Serhan named this group of metabolites SPMs (specialized pro-resolving mediators), which include several classes of lipid mediators. They are called resolvins, maresins, and protectins. They help clean up the damaged area: Metabolites also facilitate the cleanup of damaged cells, allowing the body to get rid of what no longer serves a purpose. This is crucial for setting the stage for tissue repair. In short, resolvins, maresins, and protectins are like conductors, guiding macrophages, a type of immune cell, to end inflammation. They do this by shifting macrophages from an "M1" state (which promotes inflammation) to an "M2" state (which favors resolution and a return to normalcy in the body). They are the conductors of the orchestra, ensuring that immune cells play the right tune to resolve inflammation and restore balance in the body. Increasing the production of SPMs, both endogenously and exogenously, represents a relevant objective in shifting the balance of the inflammatory process toward resolution. Modern technology has made it possible to discover external SPMs, which are precursors to substances such as resolvins, maresins, and protectins. These precursors are 17-HDHA, 14-HDHA, and 18-HEPE, and can be found in fish oil. Taking these external compounds, properly concentrated and isolated from fish oil, can increase the body's internal (endogenous) production of resolvins, maresins, and protectins and ensure proper natural resolution of inflammation without resorting to NSAIDs such as ibuprofen or corticosteroids.
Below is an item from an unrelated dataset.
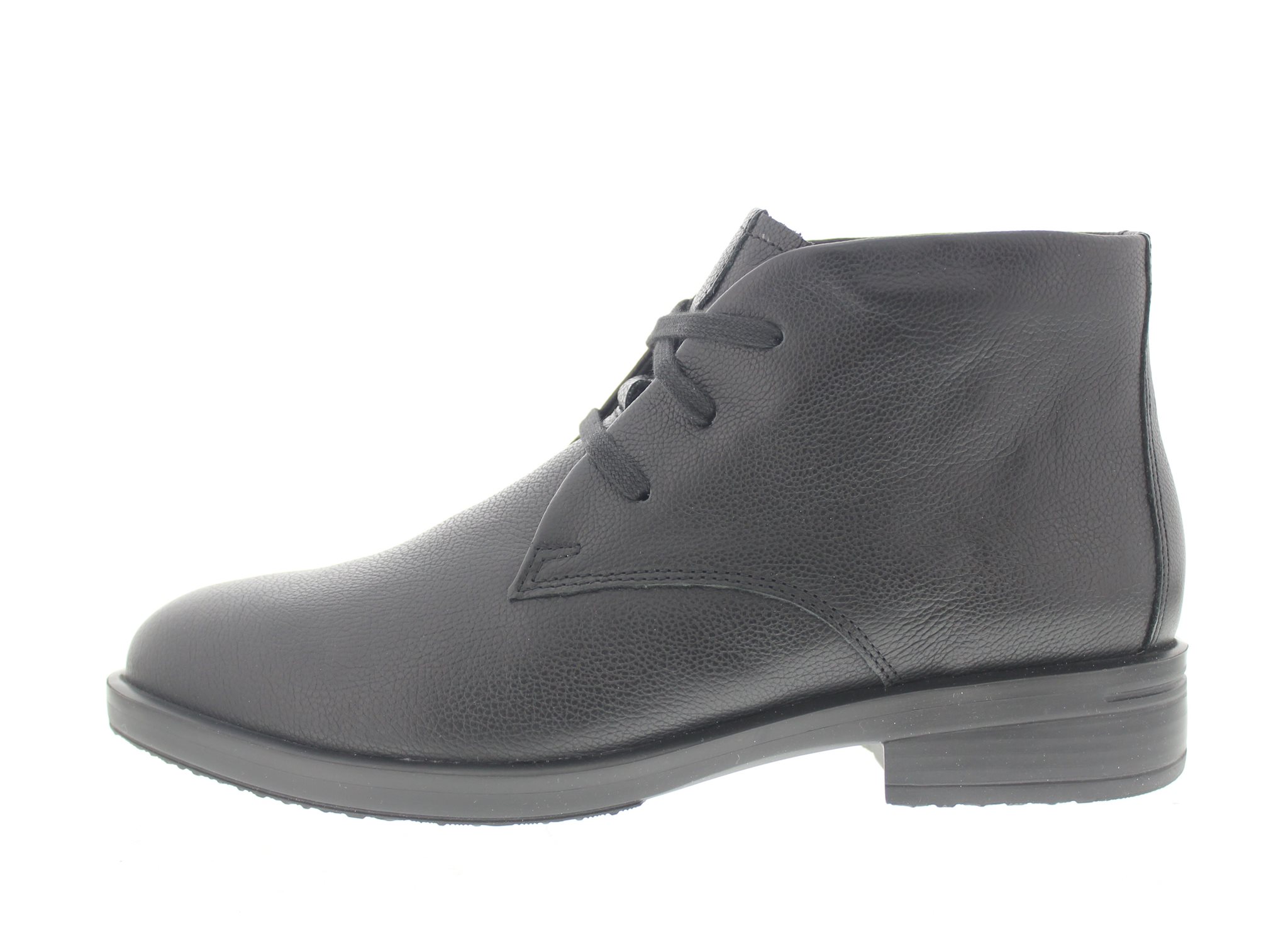 Hartjes dames bootie, model Trendy. Minimalistische look voor de easy going lifestyle. Iets stuggere zool met dempende eigenschappen en grip. Lodenfutter (flanel met wolmix) gevoerd voor een warmere voetklimaat. Uitneembaar voetbed. Zwart leer. Wijdte G, geschikt voor de normale voet.

In simple terms, we can now identify external substances that act as "resolution masters," and when consumed, help our body produce more of these mediators internally. This can be beneficial for promoting inflammation resolution and maintaining health. The increase in SPMs in our body via supplementation is measurable and objective. Numerous scientific studies validate this. Work is already underway on the synthesis of these metabolites to obtain the anti-inflammatory drugs of the future, focused on resolution. Meanwhile, supplementation with the precursors of resolvins, maresins, and protectins (17-HDHA, 14-HDHA, and 18-HEPE) is already a reality, with efficacy validated by an ever-increasing body of scientific evidence.